Segment Start: COLLECTED DATA

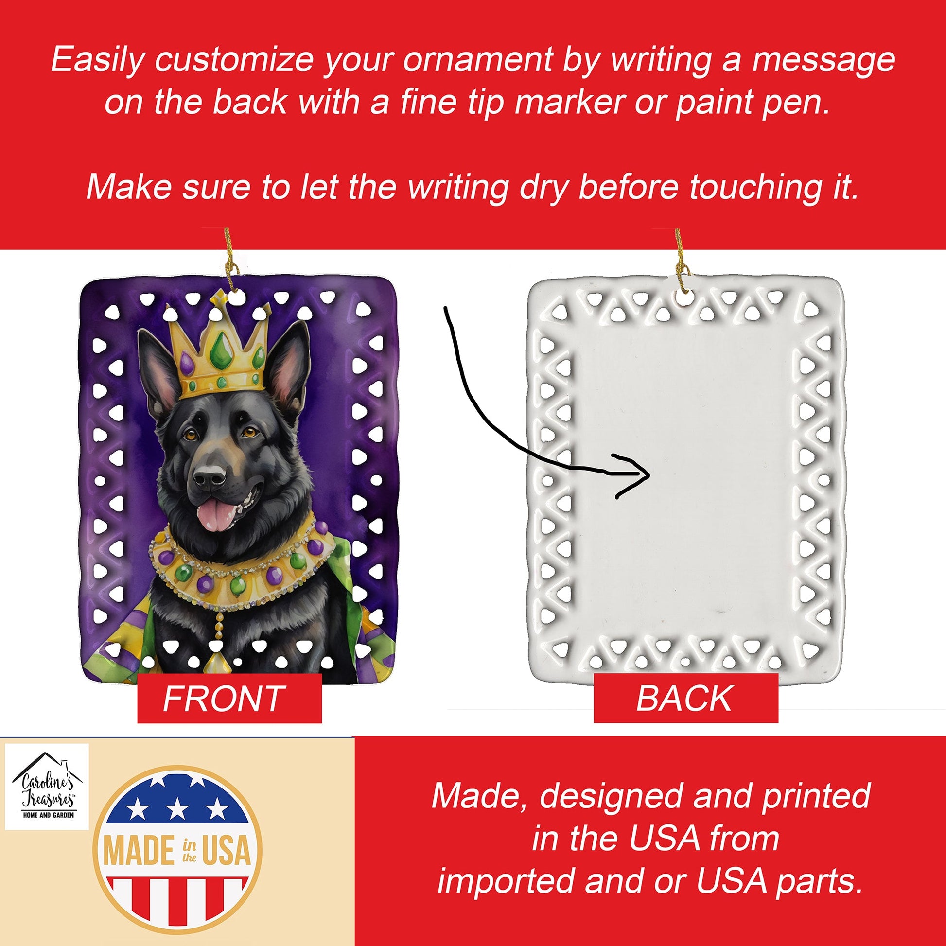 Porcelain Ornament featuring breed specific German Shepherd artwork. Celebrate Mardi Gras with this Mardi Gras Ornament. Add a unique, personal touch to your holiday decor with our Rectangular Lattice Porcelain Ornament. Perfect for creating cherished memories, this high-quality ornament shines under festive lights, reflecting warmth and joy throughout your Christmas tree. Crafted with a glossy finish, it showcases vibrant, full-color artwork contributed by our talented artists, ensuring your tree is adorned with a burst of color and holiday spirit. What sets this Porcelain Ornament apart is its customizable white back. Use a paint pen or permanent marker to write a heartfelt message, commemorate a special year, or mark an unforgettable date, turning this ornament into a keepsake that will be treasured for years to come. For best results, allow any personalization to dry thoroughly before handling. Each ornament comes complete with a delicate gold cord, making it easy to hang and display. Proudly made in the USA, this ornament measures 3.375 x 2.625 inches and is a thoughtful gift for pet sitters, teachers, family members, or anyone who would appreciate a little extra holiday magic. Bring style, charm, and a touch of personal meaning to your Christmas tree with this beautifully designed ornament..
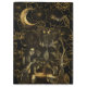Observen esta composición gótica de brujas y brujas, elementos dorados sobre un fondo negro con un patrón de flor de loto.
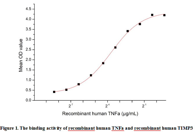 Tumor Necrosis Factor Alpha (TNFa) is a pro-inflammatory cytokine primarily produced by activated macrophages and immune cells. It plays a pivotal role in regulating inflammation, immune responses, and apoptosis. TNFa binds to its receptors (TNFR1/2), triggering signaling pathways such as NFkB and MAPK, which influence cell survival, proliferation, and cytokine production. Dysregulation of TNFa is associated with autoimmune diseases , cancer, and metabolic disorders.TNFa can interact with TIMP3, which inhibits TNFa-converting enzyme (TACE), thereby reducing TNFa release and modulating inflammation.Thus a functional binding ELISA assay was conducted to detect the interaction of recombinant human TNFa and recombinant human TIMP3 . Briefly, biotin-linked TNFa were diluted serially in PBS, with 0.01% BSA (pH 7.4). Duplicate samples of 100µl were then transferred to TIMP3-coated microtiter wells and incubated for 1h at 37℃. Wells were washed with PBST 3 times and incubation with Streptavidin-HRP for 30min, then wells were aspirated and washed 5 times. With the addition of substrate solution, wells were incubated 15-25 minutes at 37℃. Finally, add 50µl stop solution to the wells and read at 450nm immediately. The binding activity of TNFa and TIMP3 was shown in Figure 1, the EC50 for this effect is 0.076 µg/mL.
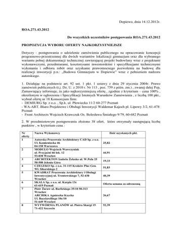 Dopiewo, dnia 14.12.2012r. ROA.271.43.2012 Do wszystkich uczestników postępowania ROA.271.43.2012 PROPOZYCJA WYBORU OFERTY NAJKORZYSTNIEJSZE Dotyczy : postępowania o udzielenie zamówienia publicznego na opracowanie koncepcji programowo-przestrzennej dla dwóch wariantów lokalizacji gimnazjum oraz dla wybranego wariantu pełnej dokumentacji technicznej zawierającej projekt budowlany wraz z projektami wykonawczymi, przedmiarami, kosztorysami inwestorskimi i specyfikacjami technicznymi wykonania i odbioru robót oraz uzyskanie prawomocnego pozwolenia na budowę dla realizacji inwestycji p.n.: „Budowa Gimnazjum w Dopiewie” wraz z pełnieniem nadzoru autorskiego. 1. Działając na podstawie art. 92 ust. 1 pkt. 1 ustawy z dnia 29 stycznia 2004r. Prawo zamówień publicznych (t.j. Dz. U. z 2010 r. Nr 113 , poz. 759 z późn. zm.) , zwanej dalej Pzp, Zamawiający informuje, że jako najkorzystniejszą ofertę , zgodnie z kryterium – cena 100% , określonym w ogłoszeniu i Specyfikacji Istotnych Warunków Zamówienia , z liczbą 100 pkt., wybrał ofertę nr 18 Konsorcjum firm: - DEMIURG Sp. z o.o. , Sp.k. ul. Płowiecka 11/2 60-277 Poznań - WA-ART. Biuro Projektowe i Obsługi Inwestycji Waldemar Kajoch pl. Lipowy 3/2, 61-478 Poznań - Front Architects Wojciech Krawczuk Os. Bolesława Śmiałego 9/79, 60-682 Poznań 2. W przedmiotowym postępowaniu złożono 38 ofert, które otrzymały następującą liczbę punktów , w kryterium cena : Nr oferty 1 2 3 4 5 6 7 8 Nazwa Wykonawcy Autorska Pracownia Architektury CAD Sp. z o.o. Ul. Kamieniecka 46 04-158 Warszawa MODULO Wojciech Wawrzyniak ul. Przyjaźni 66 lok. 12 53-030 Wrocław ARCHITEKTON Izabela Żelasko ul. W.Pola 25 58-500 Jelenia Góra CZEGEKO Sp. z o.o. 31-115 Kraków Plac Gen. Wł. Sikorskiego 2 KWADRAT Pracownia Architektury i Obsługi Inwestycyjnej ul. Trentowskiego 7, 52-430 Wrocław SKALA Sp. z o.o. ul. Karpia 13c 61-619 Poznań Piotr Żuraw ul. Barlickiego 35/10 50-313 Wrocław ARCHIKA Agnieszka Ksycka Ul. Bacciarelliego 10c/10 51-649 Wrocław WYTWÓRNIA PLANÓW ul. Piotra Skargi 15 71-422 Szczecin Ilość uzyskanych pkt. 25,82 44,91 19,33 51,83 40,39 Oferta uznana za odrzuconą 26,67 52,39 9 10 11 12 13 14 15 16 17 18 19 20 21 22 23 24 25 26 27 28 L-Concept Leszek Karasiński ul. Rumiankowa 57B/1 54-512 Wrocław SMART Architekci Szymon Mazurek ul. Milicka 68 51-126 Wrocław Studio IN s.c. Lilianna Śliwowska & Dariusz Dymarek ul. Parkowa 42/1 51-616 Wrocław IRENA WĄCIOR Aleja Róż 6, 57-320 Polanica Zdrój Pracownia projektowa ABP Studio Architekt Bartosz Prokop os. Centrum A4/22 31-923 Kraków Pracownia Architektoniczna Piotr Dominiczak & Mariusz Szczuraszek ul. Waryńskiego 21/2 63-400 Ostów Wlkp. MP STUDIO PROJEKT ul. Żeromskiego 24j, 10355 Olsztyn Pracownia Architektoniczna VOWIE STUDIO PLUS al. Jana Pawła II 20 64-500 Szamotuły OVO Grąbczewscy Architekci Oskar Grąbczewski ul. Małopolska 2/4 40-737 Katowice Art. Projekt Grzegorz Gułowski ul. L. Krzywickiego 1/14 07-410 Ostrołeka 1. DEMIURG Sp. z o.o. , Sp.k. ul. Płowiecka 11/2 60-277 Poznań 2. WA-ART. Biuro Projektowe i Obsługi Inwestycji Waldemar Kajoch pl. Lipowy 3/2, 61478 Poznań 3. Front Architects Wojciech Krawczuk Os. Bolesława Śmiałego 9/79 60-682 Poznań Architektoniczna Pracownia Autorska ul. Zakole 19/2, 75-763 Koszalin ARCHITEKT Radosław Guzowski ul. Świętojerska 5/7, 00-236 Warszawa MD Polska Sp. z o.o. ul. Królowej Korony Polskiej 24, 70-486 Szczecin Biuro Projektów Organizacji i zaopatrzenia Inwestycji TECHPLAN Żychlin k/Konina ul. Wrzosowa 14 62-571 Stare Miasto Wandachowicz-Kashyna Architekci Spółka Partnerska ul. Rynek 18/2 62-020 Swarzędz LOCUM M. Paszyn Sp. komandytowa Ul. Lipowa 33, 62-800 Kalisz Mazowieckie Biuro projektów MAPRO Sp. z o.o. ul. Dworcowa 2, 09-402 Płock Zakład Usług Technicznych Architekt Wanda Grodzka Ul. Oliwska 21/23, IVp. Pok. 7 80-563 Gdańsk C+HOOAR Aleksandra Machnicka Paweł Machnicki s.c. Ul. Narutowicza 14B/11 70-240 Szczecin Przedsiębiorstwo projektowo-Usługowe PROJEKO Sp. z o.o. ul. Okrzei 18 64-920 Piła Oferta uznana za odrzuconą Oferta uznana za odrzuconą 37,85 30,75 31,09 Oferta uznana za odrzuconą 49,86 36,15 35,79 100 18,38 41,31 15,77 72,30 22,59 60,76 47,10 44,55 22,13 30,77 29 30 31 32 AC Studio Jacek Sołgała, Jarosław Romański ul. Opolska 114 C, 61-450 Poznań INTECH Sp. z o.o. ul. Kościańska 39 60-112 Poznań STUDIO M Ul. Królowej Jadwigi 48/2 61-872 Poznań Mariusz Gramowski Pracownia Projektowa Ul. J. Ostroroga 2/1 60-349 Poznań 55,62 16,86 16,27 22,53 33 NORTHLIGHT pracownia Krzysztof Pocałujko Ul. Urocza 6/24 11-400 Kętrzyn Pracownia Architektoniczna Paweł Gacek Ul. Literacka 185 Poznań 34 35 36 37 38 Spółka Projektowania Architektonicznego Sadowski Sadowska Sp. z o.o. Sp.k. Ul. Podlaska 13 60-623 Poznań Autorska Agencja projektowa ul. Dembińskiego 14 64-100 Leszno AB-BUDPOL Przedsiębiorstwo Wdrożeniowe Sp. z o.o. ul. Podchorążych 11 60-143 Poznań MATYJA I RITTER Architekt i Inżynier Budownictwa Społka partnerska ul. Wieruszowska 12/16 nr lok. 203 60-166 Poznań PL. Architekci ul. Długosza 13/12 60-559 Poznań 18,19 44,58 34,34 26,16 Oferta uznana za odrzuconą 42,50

Segment End: COLLECTED DATA

INSTRUCTIONS FOR THE TASK -> Write out each line of the data above exactly, starting at the top and finishing with the line containing "Observen esta composición"; omit the pictures.

EXERCISE RESULT ->
 Porcelain Ornament featuring breed specific German Shepherd artwork. Celebrate Mardi Gras with this Mardi Gras Ornament. Add a unique, personal touch to your holiday decor with our Rectangular Lattice Porcelain Ornament. Perfect for creating cherished memories, this high-quality ornament shines under festive lights, reflecting warmth and joy throughout your Christmas tree. Crafted with a glossy finish, it showcases vibrant, full-color artwork contributed by our talented artists, ensuring your tree is adorned with a burst of color and holiday spirit. What sets this Porcelain Ornament apart is its customizable white back. Use a paint pen or permanent marker to write a heartfelt message, commemorate a special year, or mark an unforgettable date, turning this ornament into a keepsake that will be treasured for years to come. For best results, allow any personalization to dry thoroughly before handling. Each ornament comes complete with a delicate gold cord, making it easy to hang and display. Proudly made in the USA, this ornament measures 3.375 x 2.625 inches and is a thoughtful gift for pet sitters, teachers, family members, or anyone who would appreciate a little extra holiday magic. Bring style, charm, and a touch of personal meaning to your Christmas tree with this beautifully designed ornament..
Observen esta composición gótica de brujas y brujas, elementos dorados sobre un fondo negro con un patrón de flor de loto.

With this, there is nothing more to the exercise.